• ACTIVITY
Repeat the data exactly. Pictures stay out.

- - -

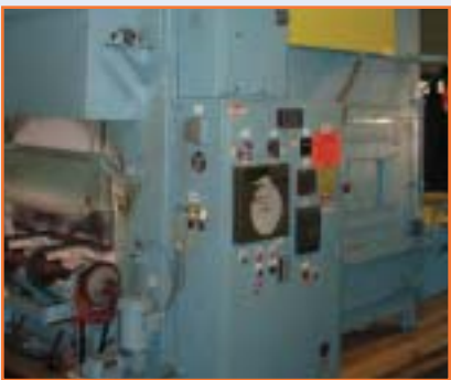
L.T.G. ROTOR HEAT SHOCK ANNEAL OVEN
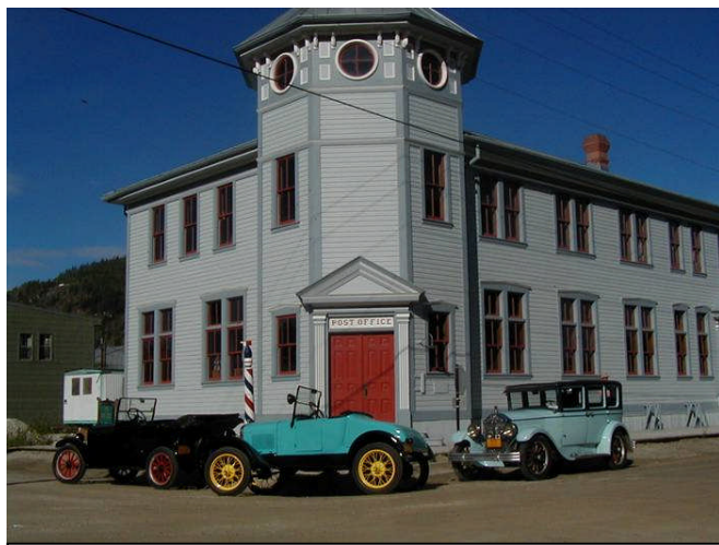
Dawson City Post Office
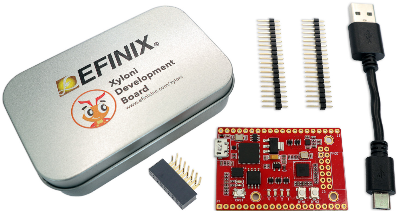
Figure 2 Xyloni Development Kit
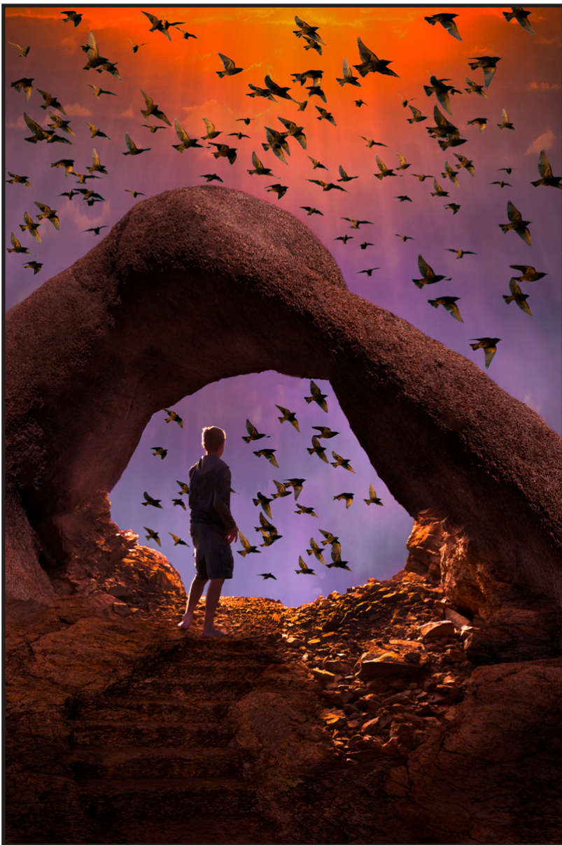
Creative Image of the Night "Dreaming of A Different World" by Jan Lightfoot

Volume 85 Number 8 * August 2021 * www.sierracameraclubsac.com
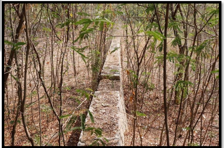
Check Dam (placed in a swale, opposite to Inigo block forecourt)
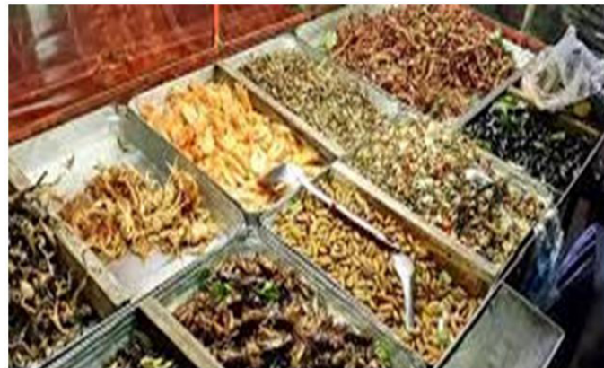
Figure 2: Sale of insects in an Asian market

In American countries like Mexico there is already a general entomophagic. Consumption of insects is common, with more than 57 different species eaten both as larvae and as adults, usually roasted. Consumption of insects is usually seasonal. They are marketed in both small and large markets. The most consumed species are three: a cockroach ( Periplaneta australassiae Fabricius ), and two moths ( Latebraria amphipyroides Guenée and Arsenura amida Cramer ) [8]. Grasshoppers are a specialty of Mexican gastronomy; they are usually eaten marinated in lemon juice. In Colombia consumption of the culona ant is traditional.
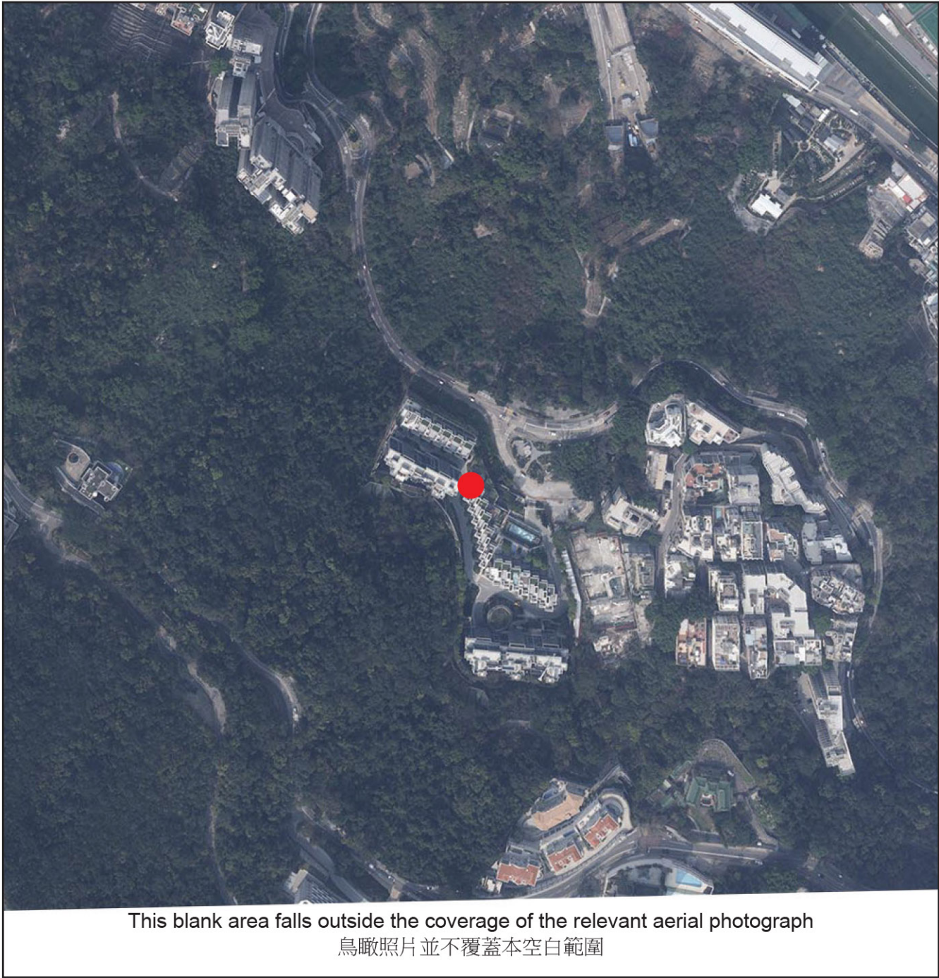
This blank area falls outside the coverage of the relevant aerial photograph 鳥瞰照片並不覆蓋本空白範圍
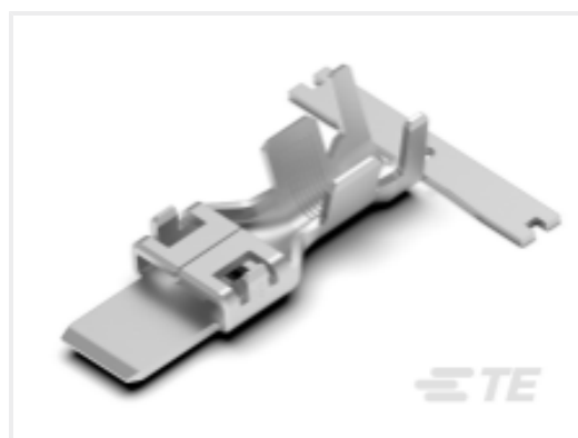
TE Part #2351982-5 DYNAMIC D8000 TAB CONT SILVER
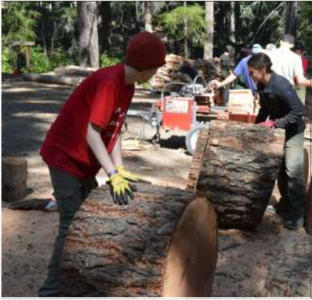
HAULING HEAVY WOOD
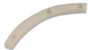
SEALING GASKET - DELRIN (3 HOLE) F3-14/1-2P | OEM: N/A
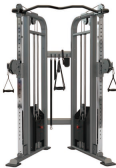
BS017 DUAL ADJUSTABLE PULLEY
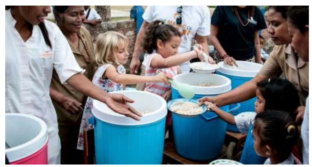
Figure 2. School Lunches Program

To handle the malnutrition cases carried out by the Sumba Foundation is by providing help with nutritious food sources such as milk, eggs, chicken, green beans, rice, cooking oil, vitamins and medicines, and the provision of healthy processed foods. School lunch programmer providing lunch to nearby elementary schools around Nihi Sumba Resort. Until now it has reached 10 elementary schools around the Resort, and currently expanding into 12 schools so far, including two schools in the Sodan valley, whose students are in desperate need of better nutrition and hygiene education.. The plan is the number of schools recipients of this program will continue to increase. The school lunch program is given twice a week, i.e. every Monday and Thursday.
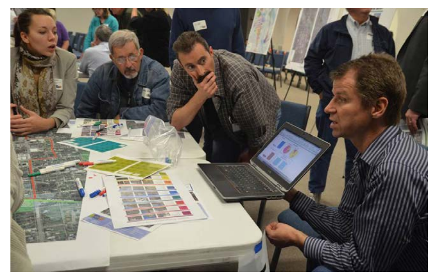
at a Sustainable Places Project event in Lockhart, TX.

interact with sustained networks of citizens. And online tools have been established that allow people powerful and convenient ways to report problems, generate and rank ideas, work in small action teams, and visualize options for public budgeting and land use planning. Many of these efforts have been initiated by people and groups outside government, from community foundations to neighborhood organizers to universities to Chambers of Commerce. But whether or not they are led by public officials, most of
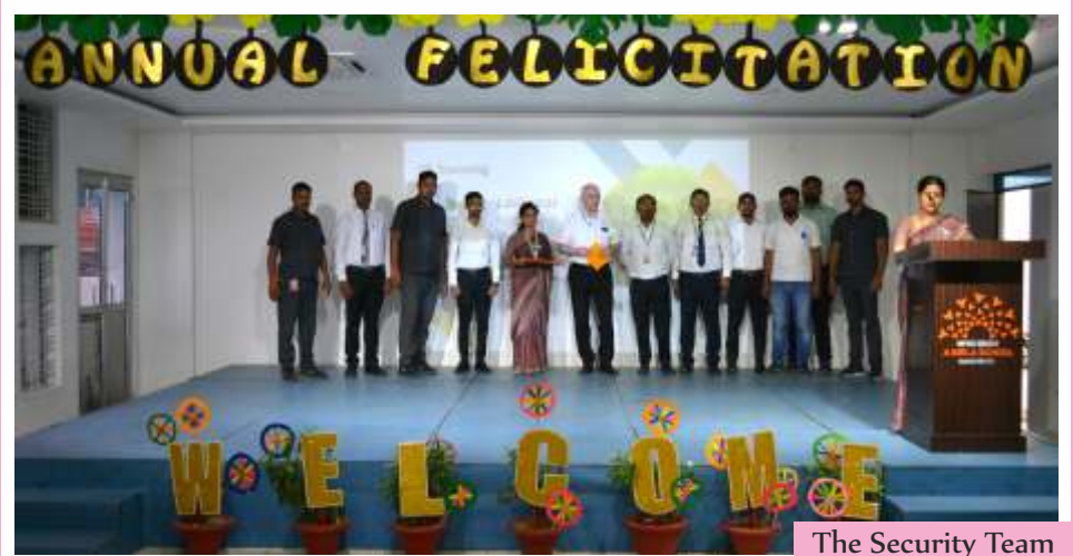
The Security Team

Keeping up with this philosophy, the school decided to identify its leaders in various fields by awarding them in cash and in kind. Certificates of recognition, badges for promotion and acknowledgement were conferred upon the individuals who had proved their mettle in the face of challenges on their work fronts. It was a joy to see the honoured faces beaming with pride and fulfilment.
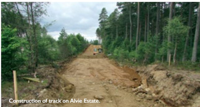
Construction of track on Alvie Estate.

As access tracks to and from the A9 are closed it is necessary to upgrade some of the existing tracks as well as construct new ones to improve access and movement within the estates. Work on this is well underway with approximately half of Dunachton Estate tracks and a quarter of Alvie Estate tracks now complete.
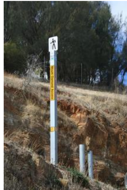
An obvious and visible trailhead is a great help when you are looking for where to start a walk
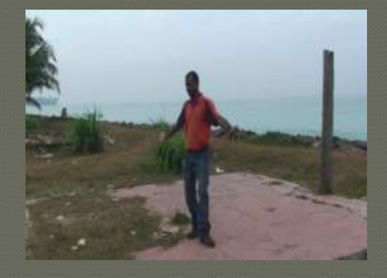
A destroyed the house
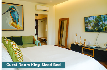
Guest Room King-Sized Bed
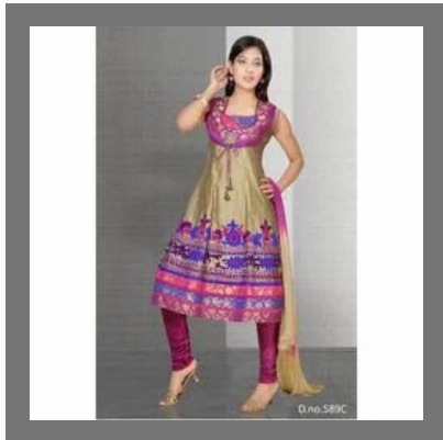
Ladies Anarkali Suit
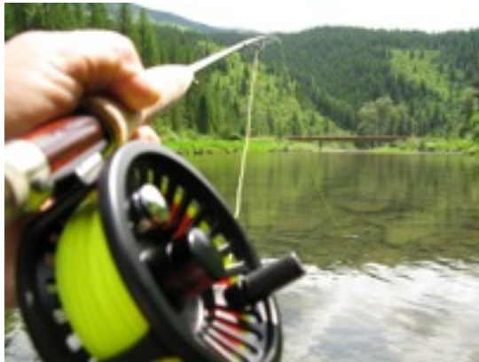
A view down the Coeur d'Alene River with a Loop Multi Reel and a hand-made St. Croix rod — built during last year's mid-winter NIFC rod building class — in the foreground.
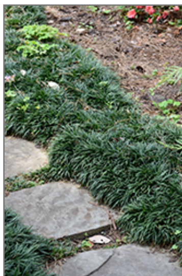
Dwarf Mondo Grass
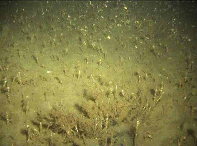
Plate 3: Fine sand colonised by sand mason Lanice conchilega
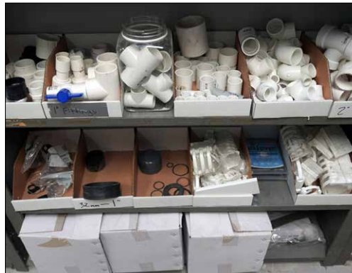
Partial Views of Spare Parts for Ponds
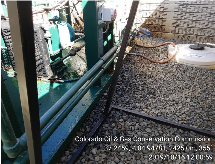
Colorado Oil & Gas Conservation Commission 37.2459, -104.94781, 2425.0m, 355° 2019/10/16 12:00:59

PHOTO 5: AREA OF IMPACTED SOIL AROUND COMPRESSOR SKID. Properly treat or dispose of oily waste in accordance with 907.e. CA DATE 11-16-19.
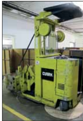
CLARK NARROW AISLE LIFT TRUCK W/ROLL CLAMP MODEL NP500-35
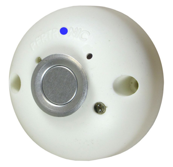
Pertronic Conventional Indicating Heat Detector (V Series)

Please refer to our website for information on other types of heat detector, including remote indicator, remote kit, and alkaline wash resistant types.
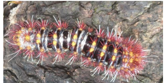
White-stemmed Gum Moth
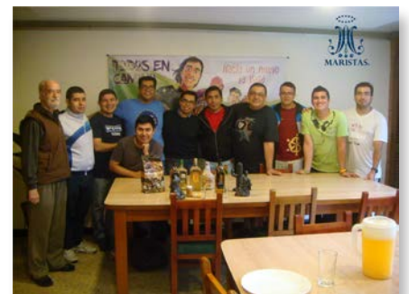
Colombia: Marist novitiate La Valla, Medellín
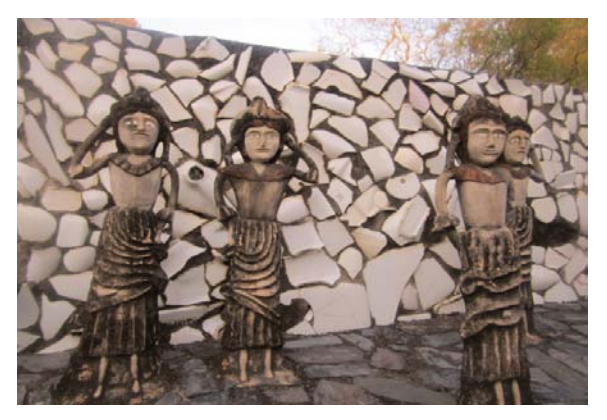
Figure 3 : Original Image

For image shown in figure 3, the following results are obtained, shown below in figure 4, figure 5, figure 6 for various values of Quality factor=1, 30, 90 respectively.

- - -

• THE COMPLETED TASK
L.T.G. ROTOR HEAT SHOCK ANNEAL OVEN
Dawson City Post Office
Figure 2 Xyloni Development Kit
Creative Image of the Night "Dreaming of A Different World" by Jan Lightfoot

Volume 85 Number 8 * August 2021 * www.sierracameraclubsac.com
Check Dam (placed in a swale, opposite to Inigo block forecourt)
Figure 2: Sale of insects in an Asian market

In American countries like Mexico there is already a general entomophagic. Consumption of insects is common, with more than 57 different species eaten both as larvae and as adults, usually roasted. Consumption of insects is usually seasonal. They are marketed in both small and large markets. The most consumed species are three: a cockroach ( Periplaneta australassiae Fabricius ), and two moths ( Latebraria amphipyroides Guenée and Arsenura amida Cramer ) [8]. Grasshoppers are a specialty of Mexican gastronomy; they are usually eaten marinated in lemon juice. In Colombia consumption of the culona ant is traditional.
This blank area falls outside the coverage of the relevant aerial photograph 鳥瞰照片並不覆蓋本空白範圍
TE Part #2351982-5 DYNAMIC D8000 TAB CONT SILVER
HAULING HEAVY WOOD
SEALING GASKET - DELRIN (3 HOLE) F3-14/1-2P | OEM: N/A
BS017 DUAL ADJUSTABLE PULLEY
Figure 2. School Lunches Program

To handle the malnutrition cases carried out by the Sumba Foundation is by providing help with nutritious food sources such as milk, eggs, chicken, green beans, rice, cooking oil, vitamins and medicines, and the provision of healthy processed foods. School lunch programmer providing lunch to nearby elementary schools around Nihi Sumba Resort. Until now it has reached 10 elementary schools around the Resort, and currently expanding into 12 schools so far, including two schools in the Sodan valley, whose students are in desperate need of better nutrition and hygiene education.. The plan is the number of schools recipients of this program will continue to increase. The school lunch program is given twice a week, i.e. every Monday and Thursday.
at a Sustainable Places Project event in Lockhart, TX.

interact with sustained networks of citizens. And online tools have been established that allow people powerful and convenient ways to report problems, generate and rank ideas, work in small action teams, and visualize options for public budgeting and land use planning. Many of these efforts have been initiated by people and groups outside government, from community foundations to neighborhood organizers to universities to Chambers of Commerce. But whether or not they are led by public officials, most of
The Security Team

Keeping up with this philosophy, the school decided to identify its leaders in various fields by awarding them in cash and in kind. Certificates of recognition, badges for promotion and acknowledgement were conferred upon the individuals who had proved their mettle in the face of challenges on their work fronts. It was a joy to see the honoured faces beaming with pride and fulfilment.
Construction of track on Alvie Estate.

As access tracks to and from the A9 are closed it is necessary to upgrade some of the existing tracks as well as construct new ones to improve access and movement within the estates. Work on this is well underway with approximately half of Dunachton Estate tracks and a quarter of Alvie Estate tracks now complete.
An obvious and visible trailhead is a great help when you are looking for where to start a walk
A destroyed the house
Guest Room King-Sized Bed
Ladies Anarkali Suit
A view down the Coeur d'Alene River with a Loop Multi Reel and a hand-made St. Croix rod — built during last year's mid-winter NIFC rod building class — in the foreground.
Dwarf Mondo Grass
Plate 3: Fine sand colonised by sand mason Lanice conchilega
Partial Views of Spare Parts for Ponds
Colorado Oil & Gas Conservation Commission 37.2459, -104.94781, 2425.0m, 355° 2019/10/16 12:00:59

PHOTO 5: AREA OF IMPACTED SOIL AROUND COMPRESSOR SKID. Properly treat or dispose of oily waste in accordance with 907.e. CA DATE 11-16-19.
CLARK NARROW AISLE LIFT TRUCK W/ROLL CLAMP MODEL NP500-35
Pertronic Conventional Indicating Heat Detector (V Series)

Please refer to our website for information on other types of heat detector, including remote indicator, remote kit, and alkaline wash resistant types.
White-stemmed Gum Moth
Colombia: Marist novitiate La Valla, Medellín
Figure 3 : Original Image

For image shown in figure 3, the following results are obtained, shown below in figure 4, figure 5, figure 6 for various values of Quality factor=1, 30, 90 respectively.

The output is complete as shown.